Notice of Pre-AIA  or AIA  Status
The present application, filed on or after March 16, 2013, is being examined under the first inventor to file provisions of the AIA .

DETAILED ACTION

Claim Rejections - 35 USC § 103

In the event the determination of the status of the application as subject to AIA  35 U.S.C. 102 and 103 (or as subject to pre-AIA  35 U.S.C. 102 and 103) is incorrect, any correction of the statutory basis for the rejection will not be considered a new ground of rejection if the prior art relied upon, and the rationale supporting the rejection, would be the same under either status.  
The following is a quotation of 35 U.S.C. 103 which forms the basis for all obviousness rejections set forth in this Office action:
A patent for a claimed invention may not be obtained, notwithstanding that the claimed invention is not identically disclosed as set forth in section 102 of this title, if the differences between the claimed invention and the prior art are such that the claimed invention as a whole would have been obvious before the effective filing date of the claimed invention to a person having ordinary skill in the art to which the claimed invention pertains.  Patentability shall not be negated by the manner in which the invention was made.


The factual inquiries set forth in Graham v. John Deere Co., 383 U.S. 1, 148 USPQ 459 (1966), that are applied for establishing a background for determining obviousness under 35 U.S.C. 103 are summarized as follows:
1. Determining the scope and contents of the prior art.
2. Ascertaining the differences between the prior art and the claims at issue.
3. Resolving the level of ordinary skill in the pertinent art.
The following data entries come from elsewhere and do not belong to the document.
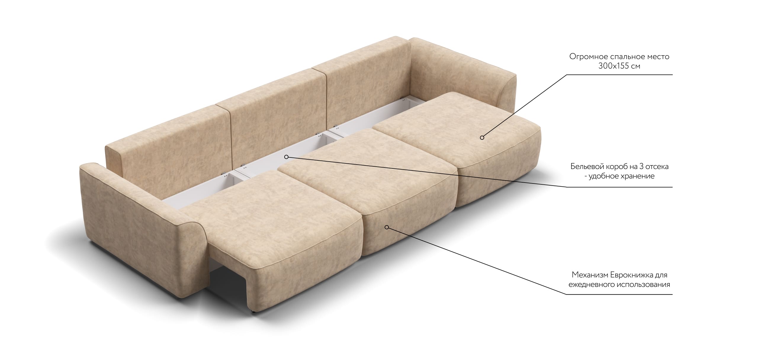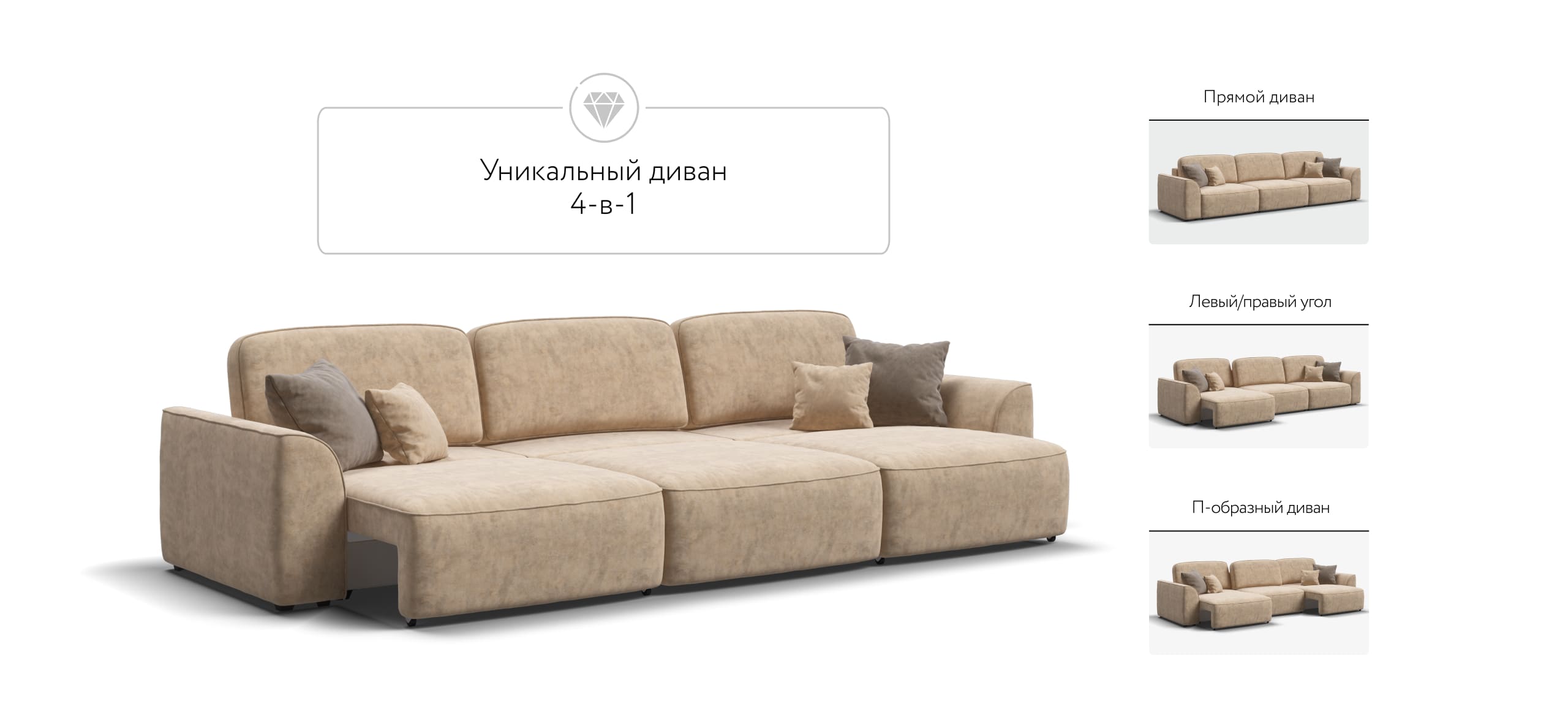 Приглашайте в гости большую компанию - диван вместит всех! Каждое посадочное место можно выдвинуть вперед и получить диван с правым или левым углом, а также получить П-образную форму дивана. А в разложенном виде диван превращается в огромное спальное место.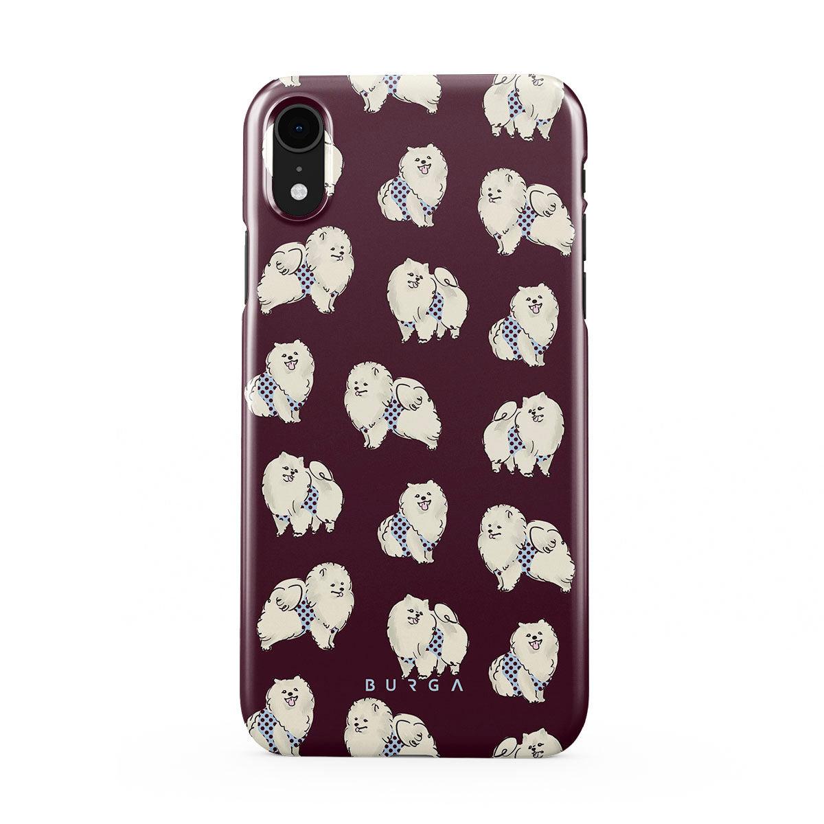 This design features: white fluffy dogs on a deep burgundy background, poodles, pets.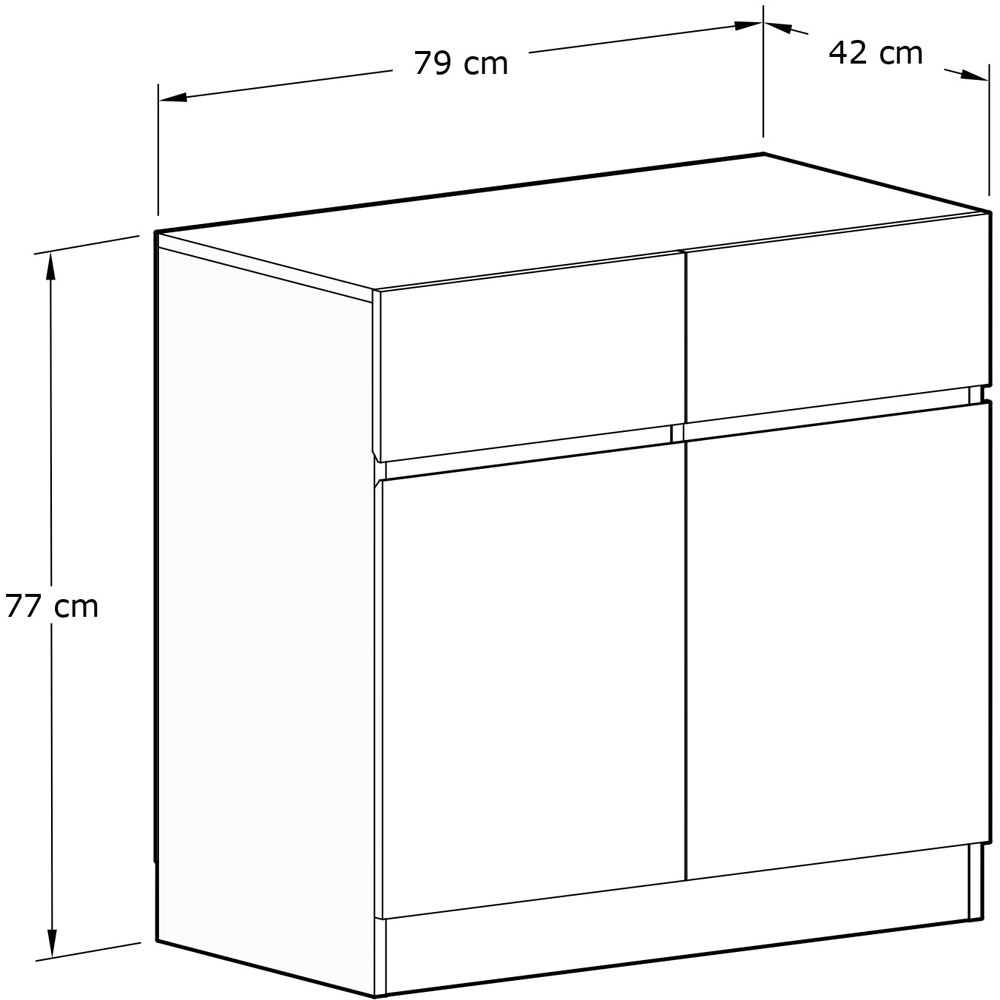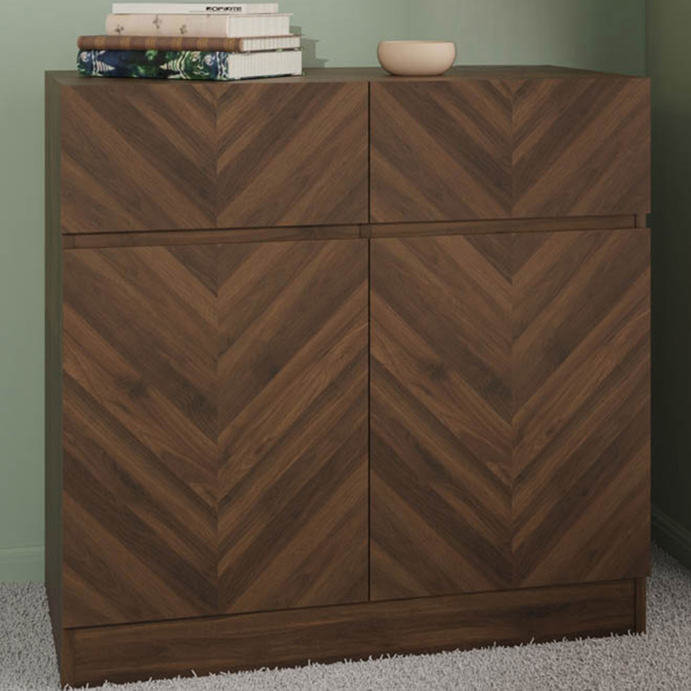 The GFW Catania Royal Walnut Compact Sideboard Unit provides a sleek and modern storage solution for your home. Crafted with clean lines and a minimalist design, this piece features notches on the edges that serve as handles, eliminating the need for unsightly hardware. With two spacious drawers and two doors boasting herringbone inspired wood-grain finish, this sideboard provides ample storage space for your belongings while adding a touch of sophistication to your decor. Whether you're looking to declutter your living room, dining room, or bedroom, this versatile piece is sure to meet your needs.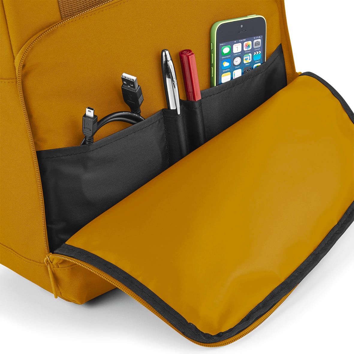 · 100% Polyester (300D) · Griffe · Rollenverschluss · Verstellbare gepolsterte Schultergurte · Gepolsterte Rückwand · Vordere Organizer-Tasche · Interne Reißverschlusstasche · Abnehmbares TearAway-Etikett zur Erleichterung des Rebrandings · Fassungsvermögen: 14 Liter · Abmessungen: 28 x 38 x 12 cm. Max. Stickerei: 15 Rohrrahmen · max. Druckfläche: 24 x 17 cm (Vordertasche).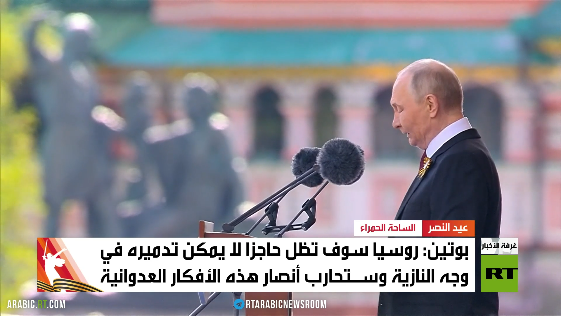 وأكد الرئيس فلاديمير بوتين، في كلمته خلال العرض العسكري بالساحة الحمراء، أن روسيا كانت وستبقى حاجزا لا يمكن تدميره أمام النازية، مشددا على أنها ستواجه كل محاولات تشويه تاريخ الحرب العالمية الثانية، وموضحا أن الشعب الروسي بالكامل يدعم المشاركين بالعملية العسكرية الخاصة، ويفخر بشجاعتهم وبطولاتهم.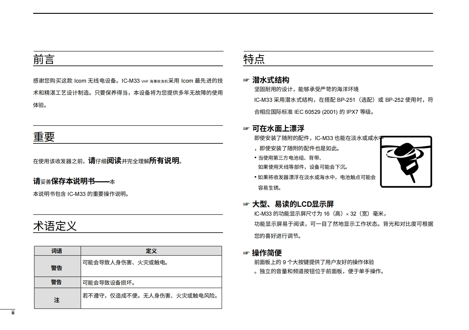艾可慕IC-M33_Manual操作说明书手册20260331-中文版找手册网11天前发布关注私信2.93MB41页041艾可慕IC-M33_Manual操作说明书手册20260331-中文版此内容为付费资源,请付费后查看¥19¥21黄金会员免费钻石会员免费登录购买付费资源 第1页 / 共41页 第2页 / 共41页 第3页 / 共41页 第4页 / 共41页 第5页 / 共41页 第6页 / 共41页 第7页 / 共41页 第8页 / 共41页 第9页 / 共41页 第10页 / 共41页 试读已结束,还剩31页,您可下载完整版后进行离线阅读 THE END艾可慕 文本预览 使用说明书VHF船用收发机iM33ICOMWATERPROOFBUOYANT06CHIcom Inc.1C-M33 查看更多 收起部分 喜欢就支持一下吧收藏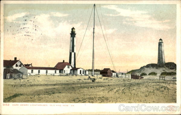 Front: 9152. CAPE HENRY LIGHTHOUSES OLD AND NEW VA. COPYRIGHT 1905. BY DETROIT PUBLISHING Co Back: TRESS MONROY OCT 17 12.30PM 1901 50 UNITED STATES OF Miss Mildred A. Brown 204 orn ANKLIN 1790 POS CEEN Ниш Нами Conn.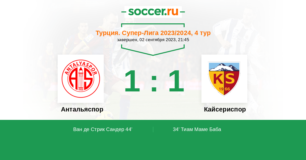 Антальяспор - Кайсериспор: обзор матча 2 сентября 2023

Claims 1-21 rejected under 35 U.S.C. 103 as being unpatentable over Baughman: 20180197531 hereinafter Bau further in view of Lockett: 10108902 hereinafter Loc.
Regarding claim 1, 8, 15
Bau teaches:
A system, method and coded instructions for document analysis comprising: 
a processor; a data store, comprising a first target corpus of electronic documents and a second target corpus of electronic documents; and a non-transitory computer readable medium (Bau: ¶ 15-22, 86-91; Fig 1, 8: first, second, etc. corpus persisted in a memory datastore, accessible by processor of exemplary computing device) comprising instructions for: 
receiving a definition of a first code in association with the first target corpus (Bau: ¶ 42-48, 52-63; Fig 3, 4: feature vectors received from a first external corpus for which an inclusion test determines a confidence score for a particular code, term, etc. in the first corpus and determines inclusion of the term in a model); 
creating a first dataset for the first code (Bau: ¶ 42-48, 52-63; Fig 3, 4: a dictionary of confidence scores created for each of a set of hypernyms determined for each term subject to inclusion test); 
receiving an indication that the first code is to be boosted with a second code (Bau: ¶ 52-63; Fig 4: each hypernym comprising a second, etc. term is boosted using a collective confidence score and ultimately included in a model to boost the first code if judged to impart a positive sensitivity to the current domain language model),

the second dataset comprising a first set of positive signals associated with the second code and documents of the second corpus and a first set of negative signals associated with the second code and documents of the second target corpus  (Bau: ¶ 52-63; Fig 4: a first set comprising negative and positive signals used to curate a current domain language model); 
adding the second dataset associated with the second code and the second target corpus to the first dataset of the first code such that the first dataset comprises a boosting dataset including the second dataset comprising the first set of positive signals associated with the second code and documents of the second corpus and the first set of negative signals associated with the second code and documents of the second target corpus (Bau: ¶ 52-63; Fig 4: a second code comprising positive and negative signals determined to induce a positive sensitivity into the current domain language model is included in the current domain language model, the first set of positive signals and the first set of negative signals comprise a unary set wherein a particular value determines a positive or negative value with regard to the term); 
training a first machine learning model for the first code on the boosting dataset of the first dataset (Bau: ¶ 49-51; Fig 3: the current domain language model, boosted with terms included from a second, third, etc. domain used to train and evaluate an expanded domain language model); 
generating predictive scores for the first code for documents of the first target corpus using the first machine learning model (Bau: ¶ 25-27, 49-51; Fig 3: predictive relevance, ground truth, and/or error values of the newly added terms included in the expanded domain language model by evaluation).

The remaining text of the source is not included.